Dataset excerpt -
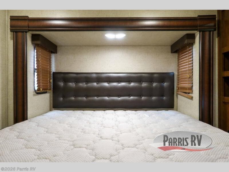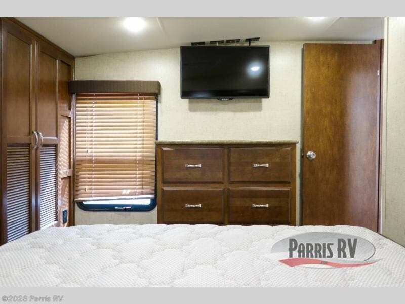 The front bedroom has a slide out with a queen bed or an optional king bed. Across from the bed there is a dresser, and along the front wall of the room you will find a large wardrobe and a washer/dryer prepped space.
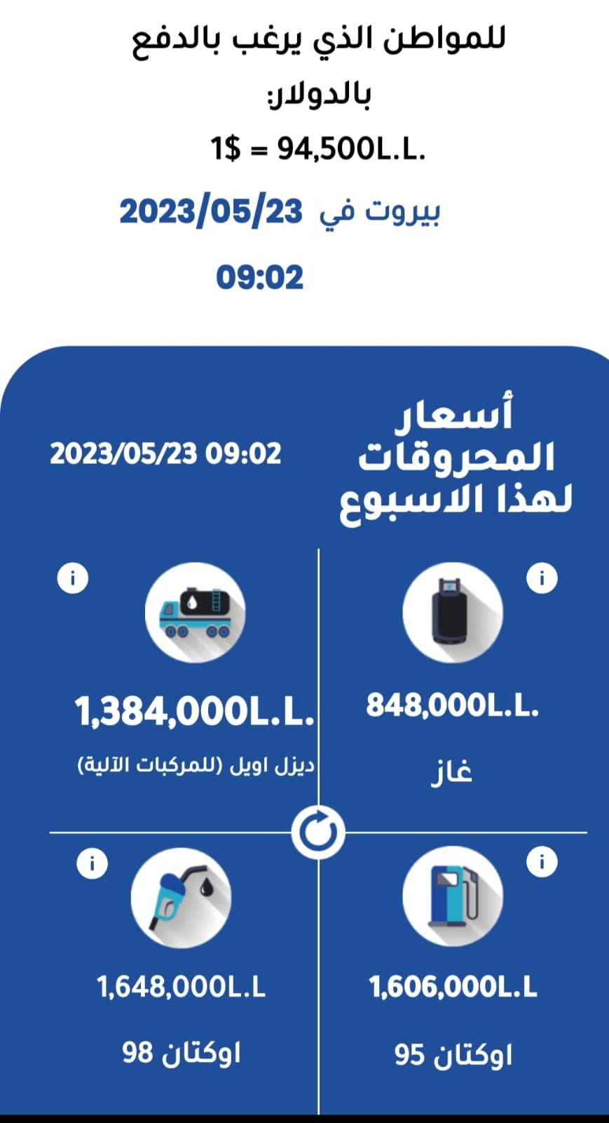 صدر جدول جديد لأسعار المحروقات اليوم وأصبحت الأسعار على الشكل التالي:
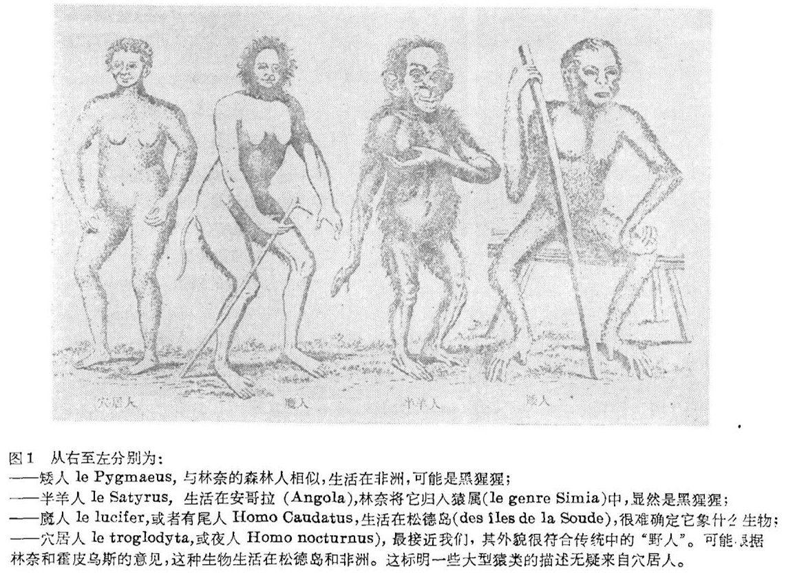 随着文艺复兴时期探索研究的发展,碰见这些动物越来越频繁。但是长期争论着它们的真实性:是极近似动物的人还是一些兽类?解决这个问题需要很多时间。正如温特(H. Wendt)在旅行者札记中指出的那样,大猿与原始部落(非洲俾格麦人Pypmèes africains,锡金的维达人Veddas de Ceylan,尼格利陀人Négritos等)的区别并不很完全。另外,与动物种属的定义相比,人属的定义直到十八世纪还很不明确,而发现大猿迫切需要这样一个定义。十七世纪初至十九世纪初,这个问题的哲学争论不仅基于对大猿不甚充分的解剖学和生活习性的研究,而且还基于对“野人”,即野化人(Homo ferus)、野化儿童——完全是另外一种类型的人——的认识上。当时最著名的“野孩子”无疑是维克多(Victor)-阿维龙野人(le Sauvage del′ Aveyren)和彼得(Peter),后者为汉诺威(le Hauovre)所收容并经蒙波多(Menboddo)和布卢门巴哈(Blumenbach)研究。十八世纪,文明世界之外单独生长起来的野人相当多。在人口密度更低的更早期,他们是为数还要多的生灵,并可能为欧洲的“野人”传说的发展有过贡献。虽然如此,随着对大猿的认识的不断丰富(1699年英国人迪森Tyson就捕捉到了一只黑猿),野人与人类的区别越来越明显。林纳著的《自然系统》的最初几版中,还存在着混淆之处(图1)。但是动物学和人类学的成果并没有完全消除野人存在的信念。古生物学不但揭示了曾存在着一些已经绝灭的人和猿,也为从古至今的各种传说提供了新的依据。最多的消息是关于喜马拉雅山地区的“雪人”,中亚地区的“阿尔玛斯”和太平洋沿岸——美国和加拿大——的“沙斯夸支”。
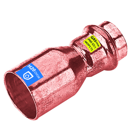 19,00 €Raccordi in rame CW024A a pressare FRABOPRESS SECURFRABO. Raccordo unico per acqua e gas. Rame secondo EN1057. O-ring giallo in HNBR. Profilo di pressatura: V.

Requirement - Return every line of the listing exactly, leaving its pictures behind.

Result for this exercise -
 The front bedroom has a slide out with a queen bed or an optional king bed. Across from the bed there is a dresser, and along the front wall of the room you will find a large wardrobe and a washer/dryer prepped space.
 صدر جدول جديد لأسعار المحروقات اليوم وأصبحت الأسعار على الشكل التالي:
 随着文艺复兴时期探索研究的发展,碰见这些动物越来越频繁。但是长期争论着它们的真实性:是极近似动物的人还是一些兽类?解决这个问题需要很多时间。正如温特(H. Wendt)在旅行者札记中指出的那样,大猿与原始部落(非洲俾格麦人Pypmèes africains,锡金的维达人Veddas de Ceylan,尼格利陀人Négritos等)的区别并不很完全。另外,与动物种属的定义相比,人属的定义直到十八世纪还很不明确,而发现大猿迫切需要这样一个定义。十七世纪初至十九世纪初,这个问题的哲学争论不仅基于对大猿不甚充分的解剖学和生活习性的研究,而且还基于对“野人”,即野化人(Homo ferus)、野化儿童——完全是另外一种类型的人——的认识上。当时最著名的“野孩子”无疑是维克多(Victor)-阿维龙野人(le Sauvage del′ Aveyren)和彼得(Peter),后者为汉诺威(le Hauovre)所收容并经蒙波多(Menboddo)和布卢门巴哈(Blumenbach)研究。十八世纪,文明世界之外单独生长起来的野人相当多。在人口密度更低的更早期,他们是为数还要多的生灵,并可能为欧洲的“野人”传说的发展有过贡献。虽然如此,随着对大猿的认识的不断丰富(1699年英国人迪森Tyson就捕捉到了一只黑猿),野人与人类的区别越来越明显。林纳著的《自然系统》的最初几版中,还存在着混淆之处(图1)。但是动物学和人类学的成果并没有完全消除野人存在的信念。古生物学不但揭示了曾存在着一些已经绝灭的人和猿,也为从古至今的各种传说提供了新的依据。最多的消息是关于喜马拉雅山地区的“雪人”,中亚地区的“阿尔玛斯”和太平洋沿岸——美国和加拿大——的“沙斯夸支”。
 19,00 €Raccordi in rame CW024A a pressare FRABOPRESS SECURFRABO. Raccordo unico per acqua e gas. Rame secondo EN1057. O-ring giallo in HNBR. Profilo di pressatura: V.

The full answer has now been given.